短歌時評

三・八リットルの水 / 竹内 亮

2026年1月号

 東京の住宅街にある小さい家に住んでいる。朝早く散歩の犬さんがたくさん通る。そして、その何匹かがわたしの家の前におしっこをしていく。犬さんはそういうものなのだとおもうけれど、飼い主さんの行為にときどき疑問を感じる。多くの飼い主さんは透明なペットボトルを左手に持っていて、犬さんがおしっこをしたとき、そこから水をかけていくのだ。正しい行いだとおもわれるかもしれないが、見ていると、飼い主さんがかける水は五〇〇ミリリットルのペットボトルからせいぜい一〇〇ミリリットルくらいである。この量の水で犬さんのおしっこが洗い流されたり匂いが消えたりするだろうか。TOTOのサイトを見ると、人間のトイレに流れる水量は、一九九四年には一回に十リットルで、格段に技術が進歩した最新型では三・八リットルらしい。
 つまり、ペットボトルから水をわずかにかける行為に実際におしっこを流す効果はなく、記号的な行為なのである。

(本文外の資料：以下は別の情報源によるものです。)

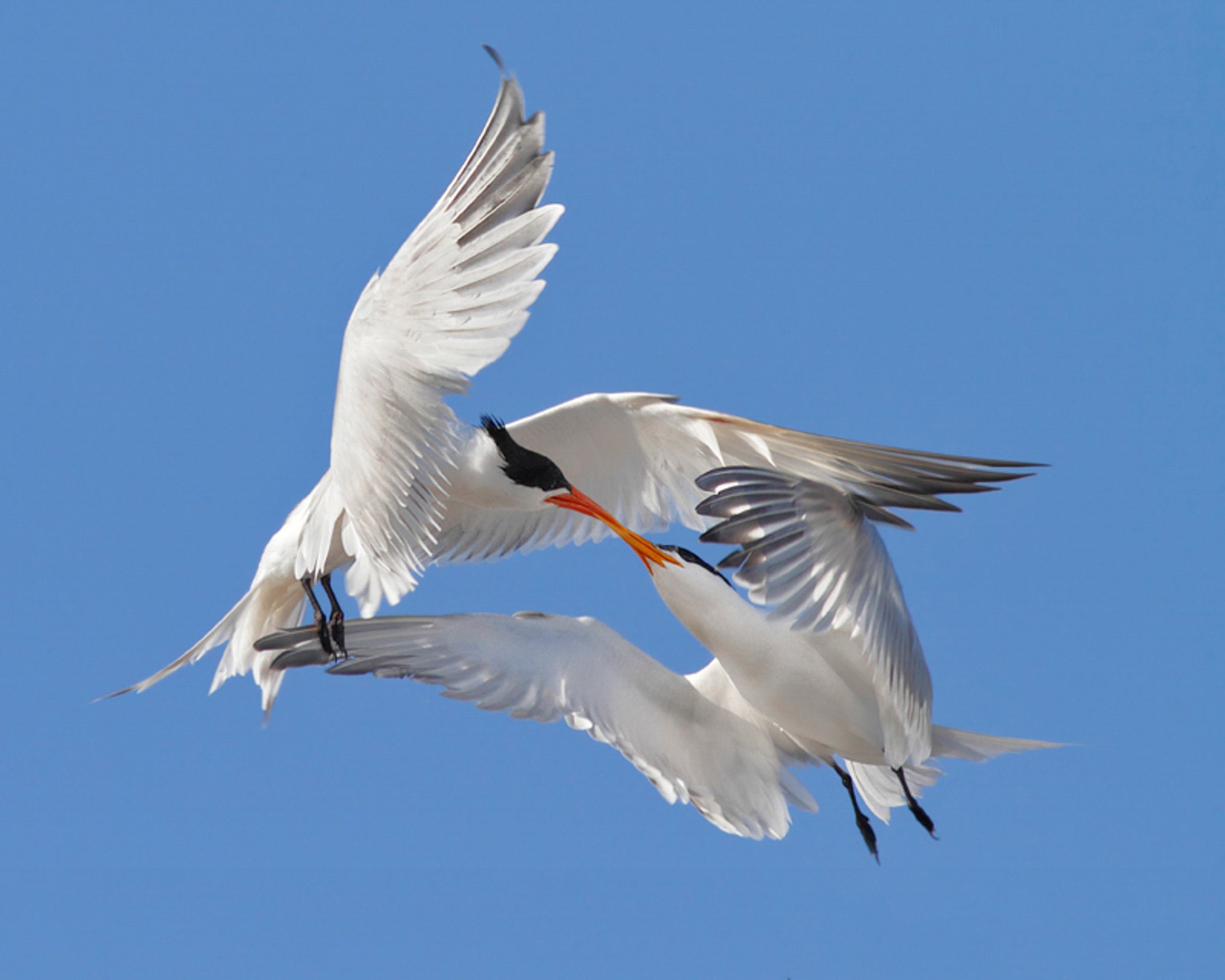 16-17" (41-43 cm). Very similar to Royal Tern. Smaller (apparent only when they are together). Has much slimmer bill that often looks slightly droopy. In "winter" plumage (worn for most of year), black from nape usually extends forward to include the eye on Elegant, not on Royal Tern.

短歌を始めた頃、歌に「悲しい」「美しい」と書いてはいけないと何度も言われたけれど、それはペットボトルからわずかな水をかける行為だからなのだろうとおもう。では、わたしたちは歌を詠むときに三・八リットルの水を流すべきなのだろうか。そして、短歌において三・八リットルの水を流すとはどういうことなのだろうか。歌を作るときにときどき考える。
 角川短歌の二〇二五年十二月号が「他者との出会い――越境の短歌」という特集を組んでいる。そのなかで平岡直子「伸びる身体の先に」は「自分はデジタルな存在だ、という実感は増しているように思う。……自分は命であり、同時に画面に映るデータである」という。たしかに、わたしたちは人間に接することが減った。買い物の多くがスマートフォンから注文され、いつの間にか玄関の前に「置き配」として置かれていく。駅の改札が自動改札になって、東京の地下鉄では改札口に駅員さんがひとりもいないところが増えた。スーパーはセルフレジになり、電話には合成音声の詐欺の電話がかかってくる。しかし、他方で、平岡は「短歌は『他人と同じ』であることを絶えず証明しようとするが、おもしろいのは、同時に『他人と違う』部分が生命線になる」という。定型である短歌自体が記号的で、そのなかで他者との違いが求められる仕組みであるというのだろう。
 いりの舎のうた新聞二〇二五年十二月号の巻頭評論、寺井達哉「なぜ、批評はいつも切ないのか」は、塔二〇二五年九月号の吉川宏志「ショーペンハウエルの笛」を取り上げ、斎藤茂吉がニーチェに触発されて歌をつくったのではないかという吉川の議論が、「歌壇」における小池光のインタビューに触発されて初めてなされたと指摘する。寺井は、「言葉は、記号にすぎない。……記号にすぎない以上、言葉は、ある一つの事物についてさえ、すべてを語りつくすことはできない」とした上で「短歌を批評することの困難は、歌の言葉について、散文の言葉によって、語らねばならない点にある」といい、それは「ひとりの手には、とても負えない。そこで、複数の論者が、時間をかけて議論を継走することになる。先行者が投げかけた言葉が後続者を触発し、新たな議論が広がる」とする。
 短歌は作る場面だけでなく、読む場面においても、平岡が作歌について述べていたこと以上に、他人の議論を参照して、その上で他人と違うことを加えていくことが求められるのである。歌会の評においても、歌集批評会の議論においても、複数の視点が提示されることとあわせて、他の評者の議論を受けて自身の考えを述べることが原理的に大切なのだとおもう。わたしたちは、特に批評において、自分ひとりでは水を流し切ることができないのである。